While the economic impact of stem cell research in San Diego is hard to estimate, using past models of the life science industry we can make some projections about the potential. The Milken Institute estimates that every life science job contributes 1.7 jobs to all other sectors, and every dollar of output produced by the life science sector generates another $1.10 beyond it. The state can expect licensees of stem cell technology to offset costs associated with the initiative – as an example, technologies licensed out of UCSD alone generated $17 million in 2002 for the university.
Californians overwhelmingly voted for Proposition 71 because we all support investment in public research. And we all know people who suffer from Alzheimer’s, or diabetes, or Parkinson’s, or spinal cord injuries, or any of the 70 diseases and conditions that stem cell research has shown the potential to treat or cure. We all have hope for future cures in these diseases, and clearly, it is the biotechnology industry that will use private investment to develop this basic research into life-saving products.

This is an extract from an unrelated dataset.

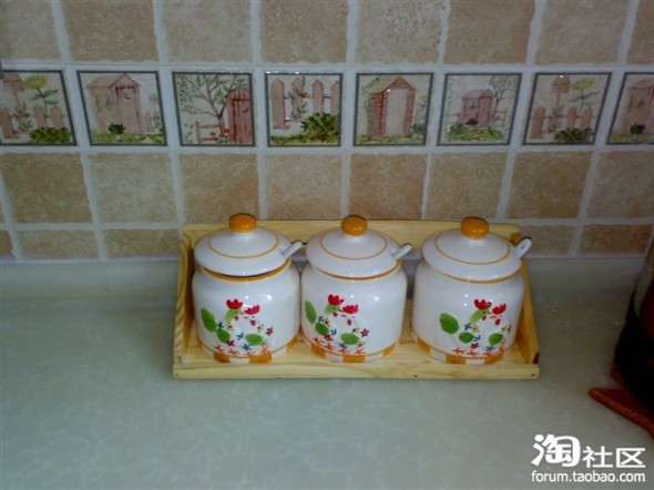 美貌的调味瓶(来自淘宝,39.9元),乡村味道十分的罐罐,和我家的瓷砖非常搭,当时选的时候卖家店里有好几种图案,纠结很久不知道改选哪个好,恨不得都买回来算了,呵呵~~后来决定还是买公鸡更符合我家的装修风格,还好选对了,很喜欢~~
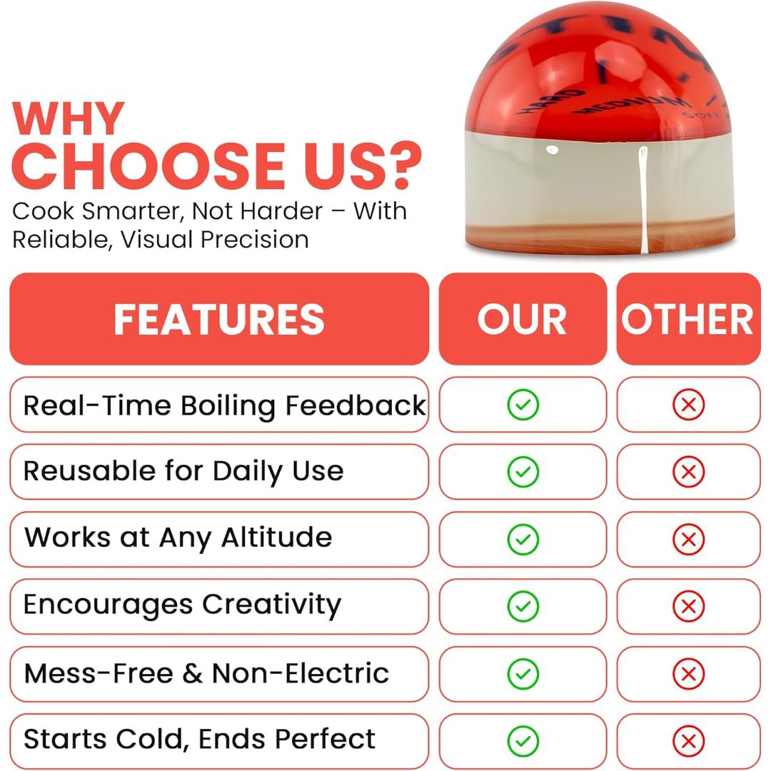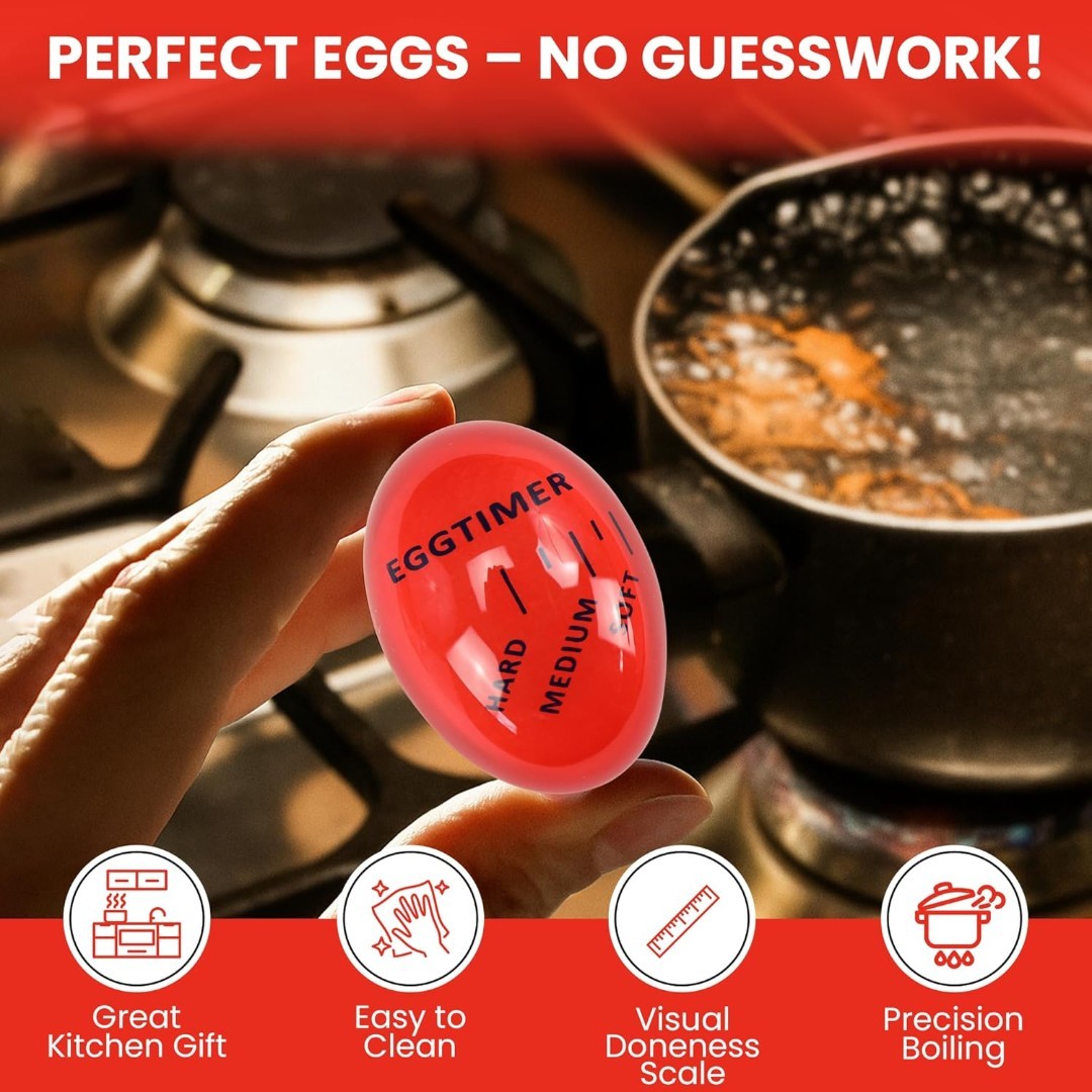 Color-Changing Precision: Heat-sensitive egg timer changes color in real time to clearly indicate soft, medium, or hard-boiled eggs with no guesswork.

Researchers in San Diego are well positioned to compete for the $300 million annually that will be doled out by the California Insitute for Regenerative Medicine. Using the traditional peer review model of scientists, a 29-member Independent Citizens Oversight Committee will ensure the best research gets funded, while avoiding conflicts of interest. UCSD, the Salk Institute and the Burnham Institute, which were active in getting the bill passed, have positions on the Independent Citizens Oversight Committee. With our city’s strong academic presence in this young field, we should enjoy the benefit of a substantial portion of the grant funding coming to San Diego.
Tonight, just across the road from where it all began in Torrey Pines, San Diego’s life science community will gather with the Consulate of Sweden to celebrate the lives and accomplishments of the 13 recipients of Nobel Prizes who have made San Diego their home. Joining us in the largest Nobel Laureate Dinner outside of the annual event in Stockholm will be ten young scientists and their teachers from high schools around the region who won an essay contest and will get their chance to meet some of the Nobel Laureates in attendance. It is my hope that one of those young scientists, or a researcher at one of our institutions, will utilize stem cells to develop cures and therapies for people around the world.
Panetta is president and chief executive officer of BIOCOM, a Southern California life sciences industry group.